The mysteries of a very ancient and massive black hole are being unraveled using NASA's James Webb Space Telescope (JWST).

This supermassive black hole, found in the center of a galaxy named J1120+0641, was already one billion times as massive as our sun when the universe was only 770 million years old, according to anew paper in the journal Nature Astronomy.

This galaxy was discovered in 2011, but exactly how this black hole reached such a gargantuan mass in the infancy of the universe has mystified scientists ever since.

Artist's impression of the bright core region of a quasar. An ancient supermassive black hole powering a distant quasar is much larger than we'd expect considering the young age of the universe, Artist's impression of the bright core region of a quasar. An ancient supermassive black hole powering a distant quasar is much larger than we'd expect considering the young age of the universe, T. Müller / MPIA

The universe is thought to have begun as an extremely hot and dense point—called a singularity—around 13.8 billion years ago. Eventually, after expanding and cooling for hundreds of thousands of years, gravity pulled together matter to form galaxies, clusters of galaxies, and large-scale structures.

In the center of many galaxies live supermassive black holes, which are giant black holes with masses up to billions of times that of our sun: the one at the center of our Milky Way, named Sagittarius A*, has a mass of about 4 million solar masses. As matter falls into a black hole, it grows larger and larger, and collisions of galaxies can lead to the formation of even larger supermassive black holes through the merger of their central black hole. However, their growth is limited by the radiation they emit as they gobble up matter: if the black hole accretes too rapidly, the radiation pressure can push material away, limiting further growth.

These hungry supermassive black holes can power quasars, which are among the brightest and most energetic objects in the universe, by eating up enough gas and dust to become active galactic nuclei.
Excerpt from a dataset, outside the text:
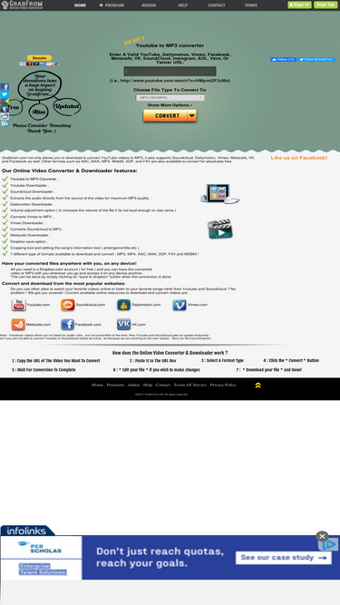 download and convert videos online from youtube, soundcloud, dailymotion, vimeo etc, to mp3, mp4, f4v formats with highest quality for absolutely free.

J1120+0641 has a quasar at its center, but astrophysicists are unclear how such a powerful and massive supermassive black hole existed in the first billion years of the universe's existence.

"J1120+0641's accretion structures must have assembled very quickly, as they appear fully 'mature' less than 760 Myr after the Big Bang," the researchers wrote in the paper.

Several explanations have been put forward by scientists over the years to explain how ancient black holes became so large, including theories that these early black holes were more efficient feeders than modern black holes, or that their masses have been overestimated by scientists due to the presence of dust. This new paper discounts one of the major theories put forward to explain these large ancient black holes using data collected by the JWST.

The JWST observations found that the large rotating donut-shaped cloud of dust surrounding the supermassive black hole is much the same as seen in other modern supermassive black holes. This implies that the feeding mechanism of the ancient black hole is the same as those today, meaning that the size of supermassive black holes at the universe's birth cannot be explained by them feeding more efficiently.

Additionally, they found that there was no additional dust surrounding the ancient black hole that could be leading to an overestimation of its mass.

The researchers did discover that the dust surrounding the ancient black hole was slightly warmer than the dust around modern quasars, however.

"Overall, the new observations only add to the mystery: Early quasars were shockingly normal. No matter in which wavelengths we observe them, quasars are nearly identical at all epochs of the Universe," paper co-author Sarah Bosman, a post-doctoral researcher at the Max Planck Institute for Astronomy (MPIA) and member of the MIRI European consortium, said in a statement.

Therefore, this cosmic conundrum remains unsolved—for now.